A pure PHP library for reading and writing word processing documents
https://phpoffice.github.io/PHPWord/
Other
7.27k stars 2.7k forks source link

Reading table content from docx gives half or previous text #2050

Open sotirelisc opened 3 years ago

sotirelisc commented 3 years ago

I'm using the following code to read the content of a table in a docx file, but some columns return half text or text that was previously there.
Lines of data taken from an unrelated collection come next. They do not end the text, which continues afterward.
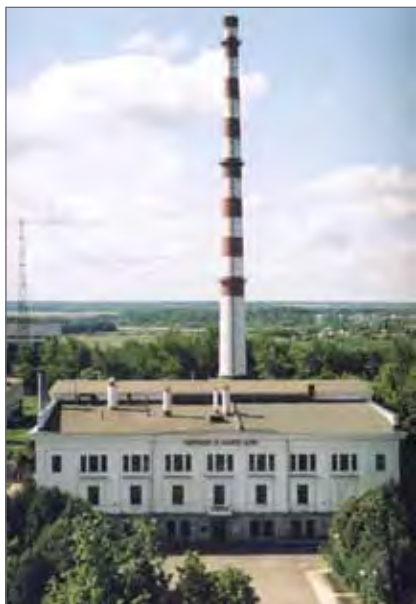
Первая в мире атомная промышленная электростанция в Обнинске

Каждая атомная станция разработана и пущена с участием Курчатовского института. Атомная станция – сложнейший технологически, гигантский объект. Это сотни систем, работающих одновременно. Но сердце атомного энергоблока – ядерный реактор. Курчатовский институт – научный руководитель их проектирования и установки. Мы рассчитываем параметры этих реакторов, их активных зон, ядерного топлива.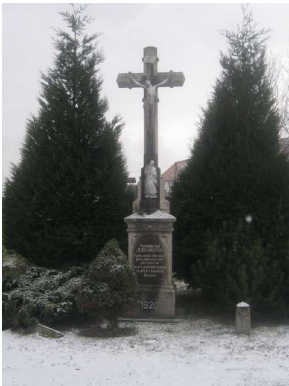
Hortův kříž v Pozďatíně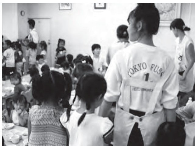
写真2 保育園での職場体験の様子。生徒は小さな子どもたちと一緒に遊び、慕われるうちに、自己肯定感を高めていく

生徒の精神面の成長を促すために、11年度からは2年生で行う職場体験の訪問先を保育園や高齢者福祉施設に限定し、一緒に遊んだりお世話をすることを通して勤労観を育む取り組みを進めている（写真2）。体験先を限定したのは、勤労観を育てるために、活動を通じて自己肯定感も併せて高めたいというね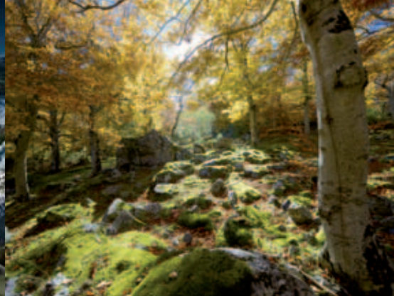
Hayedo en la falda del Moncayo.

mejores ejemplos de esta geografía abrupta son Les Roques del Masmut y el Parrisal de Beceite .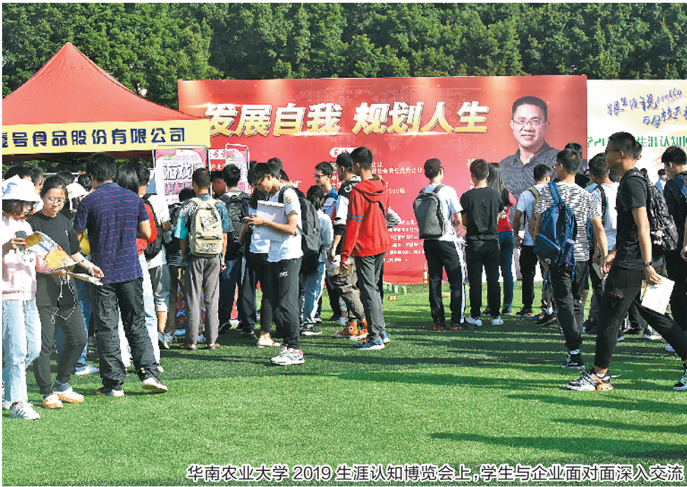
华南农业大学2019生涯认知博览会上,学生与企业面对面深入交流

她特别提醒,同一专业在不同学校,对首选和再选科目的要求可能也有不同,需要特别留意。比如中山大学历史学,首选科目要求为物理或历史,再选科目不提科目要求;暨南大学历史学则要求,首选科目仅历史,再选科目地理必选。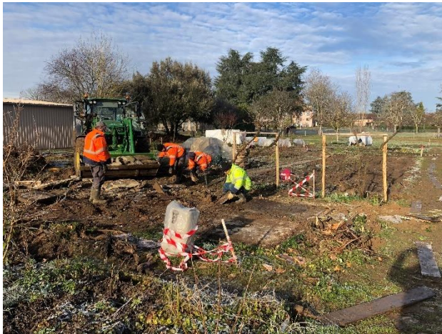
Les jardins familiaux potagers de Saint Viateur pendant les travaux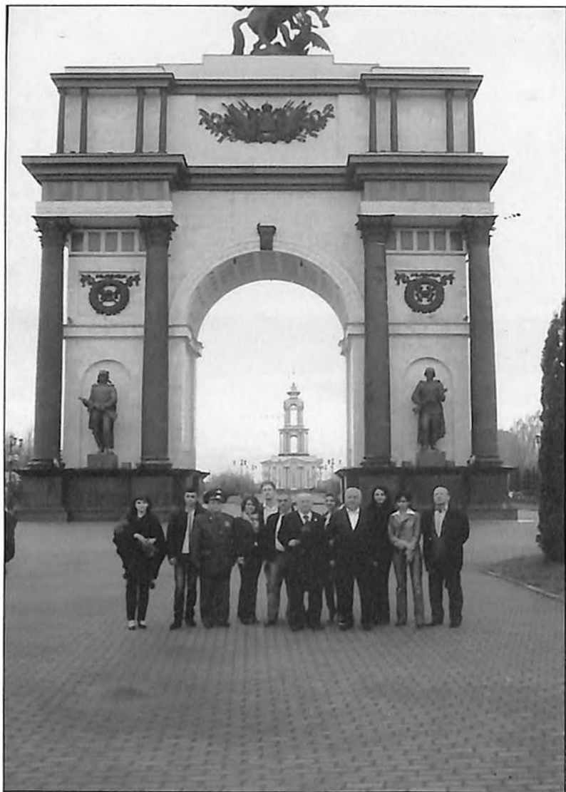
Армянская делегация у мемориального комплекса "Курская дуга – Триумфальная арка".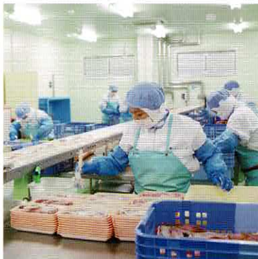
衛生的な環境の工場

さらに、現地生産者とのより緊密な関係を築き、メインとなる原料産地の、状況を早急に把握できるように努めております。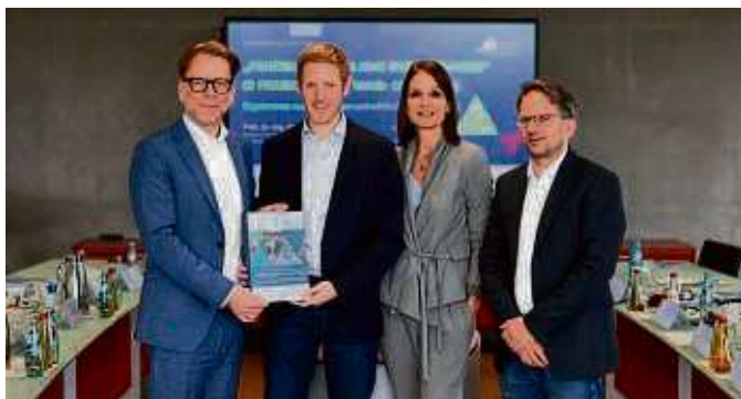
Bei der Vorstellung des Abschlussberichts Oeder Weg.

Nordend-West (red) – Zur Förderung des Radverkehrs und zu einer Verbesserung der Wohn- und Aufenthaltsqualität wurden seit 2021 Umgestaltungsarbeiten im Oeder Weg ausgeführt. Am 25. April haben Wissenschaftler der Frankfurt UAS, die die Umsetzungen von Mai 2022 bis April 2024 begleiteten und analysierten, mit Vertretern der Stadt die Ergebnisse vorgestellt. Die anfangs gesteckten Ziele wurden erreicht, insbesondere ist der Kfz-Verkehr zurückgegangen, die Zahl der Fahrräder ist dagegen angestiegen, die Unfallzahlen sind verringert und die Aufenthaltsqualität ist gestiegen. Die Wissenschaftler ziehen ein positives Fazit und empfehlen eine Verstärkung der infrastrukturellen Arbeiten ebenso wie eine aktive Einbindung der Anwohner und Gewerbetreibenden in die Gestaltung vor Ort. Im Projekt „Analyse zu den Auswirkungen von fahrradfreundlichen Nebenstraßen“ werden Umgestaltungsarbeiten am Beispiel des Oeder Wegs, des Grüneburgwegs und der Achse Kettenhofweg/Robert-Mayer-Straße untersucht. Die Arbeiten sind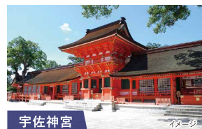
宇佐神宮 創建は725年。応神天皇を祀り、全国に4万社あまりある八幡様の総本宮として知られています。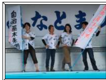
◆うおコレでポーズを決めてPR◆

また、会場内のイベントステージで開催された「うおコレ(魚河岸シャツファッションショー)&ご当地ユニフォームショー」に出場して、市民会議で作成したオリジナルの「自治基本条例魚河岸シャツ」と手作り「幟旗」によるPRも行い、たくさんの方に、私たちの取り組みと『自治基本条例』について知っていただくことができました。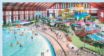
ウォーターパーク(イメージ)

日本文化を楽しめるリゾートホテル。波のプールやスライダーもあるウォーターパークは、年中天候に左右されず楽しめます。市街地からは少し離れますが、その分ホテルで思いっきりお楽しみいただけます。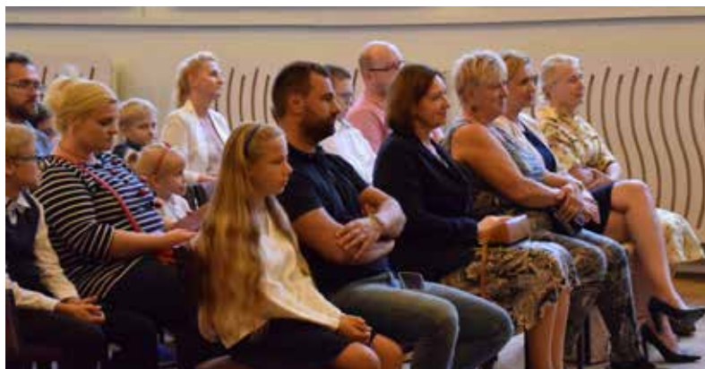
W wydarzeniu wzięli udział również dyrektorzy gminnych placówek oświatowych, przewodnicząca komisji edukacji, a także sekretarz gminy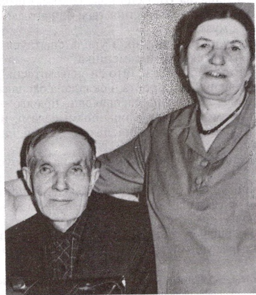
Да замалёвак «Мама» і «Тага»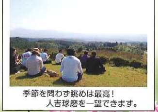
季節を問わず眺めは最高! 人吉球磨を一望できます。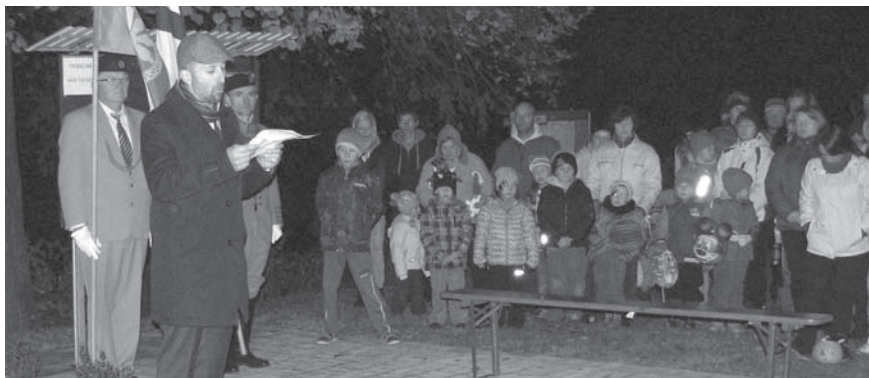
Starostův proslov u pomníku padlým.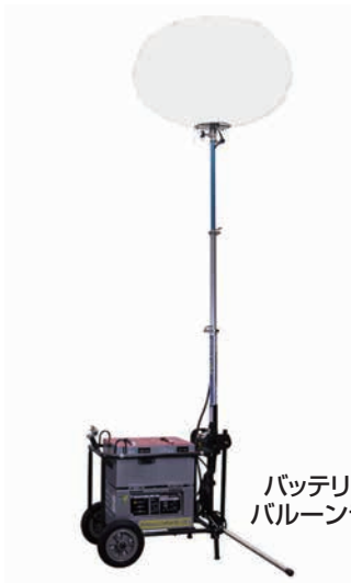
バッテリー式 バルーンライト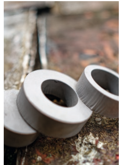
Das mit einem Radius versehene Plattenmaterial des U-Boot-Rumpfes stellte ungewöhnliche Anforderungen an den Fertigungsprozess für die rotationssymmetrischen Gehäuse-Rohlinge.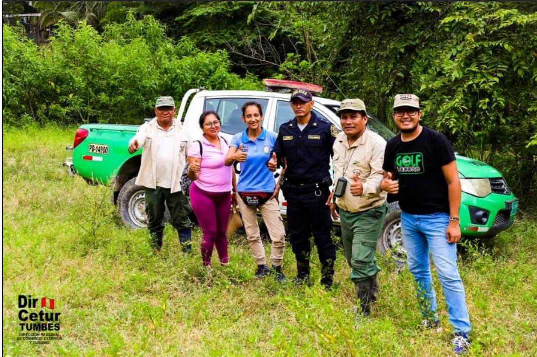
Equipo técnico de actualización de inventario en trabajo de campo; etapa de categorización – 2023.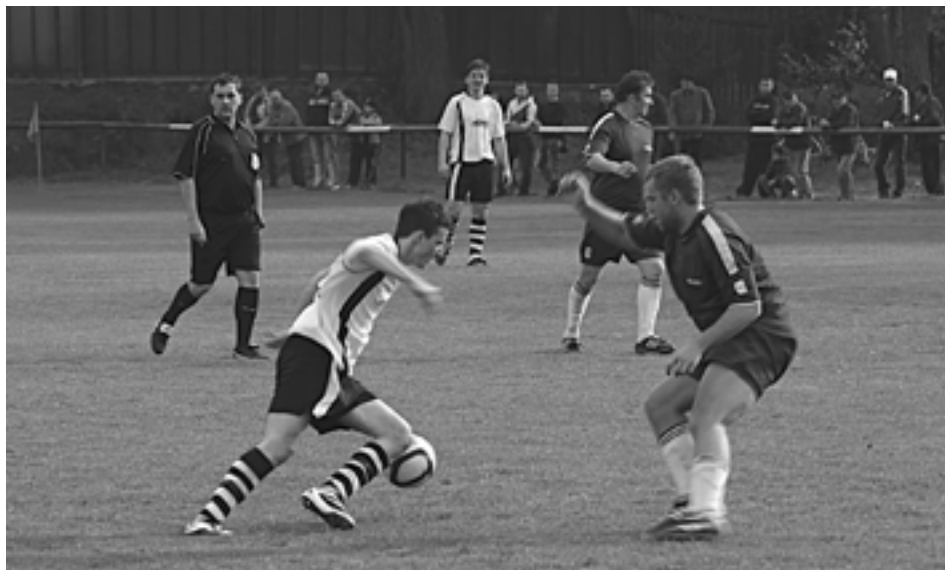
Okresné derby zvládli pred dvomi týždňami Streženice (v bledom) v Dolných Kočkovciach na výbornú. Uplynulá nedela im v ďalšom derby v Lysej šťastie neprinesla, líder prehral rozdielom triedy.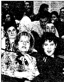
Gente de todas las edades acudió ayer al Buero.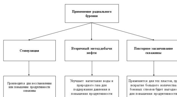
Рис.1. Применение радиального бурения.

Оценка технологической и экономической эффективности технологии радиального вскрытия пласта осуществлена на основе информации АО «Узбекнефтегаз» и компании «Radial Drilling Services INC» (США), приведённых в официальных сайтах и презентационных материалах [14; 15; с. 21-25].

Tracking changes is off by default.

$phpWord = IOFactory::createReader('Word2007')->load($file);

$index = 0;
$rows = [];

$sections = $phpWord->getSections();

foreach ($sections[0]->getElements() as $el) {
    if ($el instanceof PhpOffice\PhpWord\Element\Table) {
        foreach ($el->getRows() as $row) {
            $columns = [];
            foreach ($row->getCells() as $cell) {
                foreach ($cell->getElements() as $cEl) {
                    if ($cEl instanceof PhpOffice\PhpWord\Element\Text) {
                        $columns[] = $cEl->getText();
                    } else if ($cEl instanceof PhpOffice\PhpWord\Element\TextRun) {
                        if (count($cEl->getElements())>0 and $cEl->getElements()[0] instanceof PhpOffice\PhpWord\Element\Text) {
                            $columns[] = $cEl->getElements()[0]->getText();
                        }
                    } else {
                        $columns[] = "";
                    }
                }
            }

            $rows[] = $columns;

            $index++;
        }
    }
}

Is there a better way to read the table or is this an issue with the lib?

melino commented 8 months ago

I have the same issue. Looking at the docx, the cell contains the text "5.507,63". When I unpack the docx and look at the document.xml, I see that it's actually

<w:r><w:rPr><w:rFonts w:ascii="Arial"/><w:b/><w:sz w:val="20"/></w:rPr><w:t>5.</w:t></w:r><w:r w:rsidR="00114EBE"><w:rPr><w:rFonts w:ascii="Arial"/><w:b/><w:sz w:val="20"/></w:rPr><w:t>507,63</w:t></w:r>

I don't know how this happened in the creation of the docx, but in my case it's obviously not a issue of PHPWord. Maybe Word interpreted the dot as "end of sentence" and put some "dirt" after it and before the 507,63.

Progi1984 commented 3 months ago

@sotirelisc Hi have you got a sample file, please ?